When do they consider the aircraft to be taxiing? While still decelerating on the runway? Turning off? Flaps up, after landing checklist? Not trying to be difficult, just trying to understand another company's SOP.
 
When do they consider the aircraft to be taxiing? While still decelerating on the runway? Turning off? Flaps up, after landing checklist? Not trying to be difficult, just trying to understand another company's SOP.

The checkairman who did my CA OE said you are considering taxing when you leave the runway center line for the turn off. I see the reasoning, you aren't really on the landing rollout if you are maneuvering on the ground.

My prior company did not have a taxi speed limitation in the AOM, so it was whatever we deemed safe and prudent.
 
@Derg

Update this pic:

:)

Doug90.jpg
 
I don't even use that one for anything. Update your stalker photo directory, holmes!
 
As I said to my IOE captain on one of the final legs:

"Don't worry son, you're doing fine."

Then the flight attendant called and asked what all the uproarious laughter was about because he could hear it from first class.
There's nothing quite like popping the door after shut down and seeing the flight attendant looking at the both of you like you're crazy, because you were laughing all the way...
 
In seven years I've never had a captain keep his hand on the flap lever until now. Drove me nuts. But I think it drove him more nuts when I didn't say anything.
 
Syncing the heading bug every 10 seconds.

I do this. It's an old habit from mapping missions. One degree off heading would have you drifting off your line, so to this day, I feel if I'm flying a heading off my bug, I'm flying off course. Also, the wind would change over time (especially in mountainous areas), even over just a few miles/minutes. If you had your bug synced up, the first indication of shifting winds would be having to fly a heading that didn't correlate with the bug. I continue to do it now for the same reason. Not on heading bug = winds have changed.

Now on the Bro, I sync it up because you never know when the autopilot is going to do something...abnormal...and you need to flip it to heading mode, like, five seconds ago :-)
 
On the 135 side of the world, captain sits in the FBO while you (the F/O) file & check weather, get the clearance, program the box, check performance data, fuel the plane, preflight, set up the cabin and your ten minutes into this routine when the CA walks out with a cookie and says "why isn't this or that done yet, did you program my iPad??"
Sounds like you fly at Stiggy Air @mikecweb
 
I just had an FO put his hand by the flap lever and also the gear lever.

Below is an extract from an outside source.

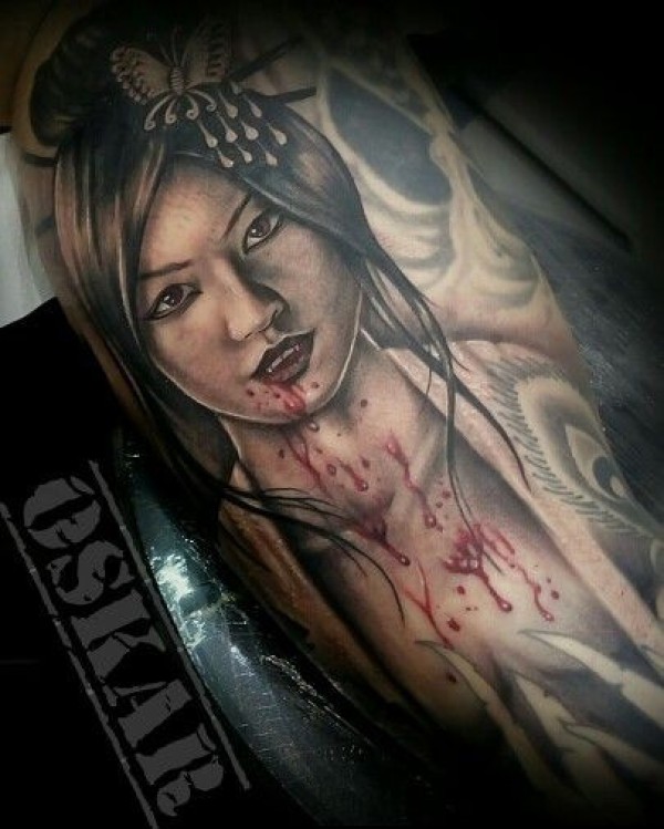手臂恐怖风格的血腥亚洲艺妓纹身图案
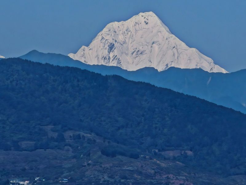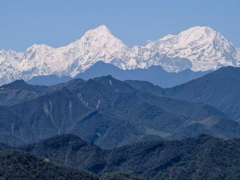 距离贡嘎雪山直线距离大约七十公里左右,只要天气好,眺望雪山角度比牛背山都正,中锋和贡嘎主峰都毫无遮挡。

Great guy and all, but I have ~4000 hours in type, he had 200 . . . relax, I'm not planning on landing gear up. :)

I do that sometimes, but more as a reminder for myself where we are in the checklist. Sometimes the the final flaps get called for REALLY late (but mostly legal) so I keep my hand by the flap lever to remember that the checklist isn't completed yet.
 
I do that sometimes, but more as a reminder for myself where we are in the checklist. Sometimes the the final flaps get called for REALLY late (but mostly legal) so I keep my hand by the flap lever to remember that the checklist isn't completed yet.

Yeah this was on a 10 mile final with half the flaps already out.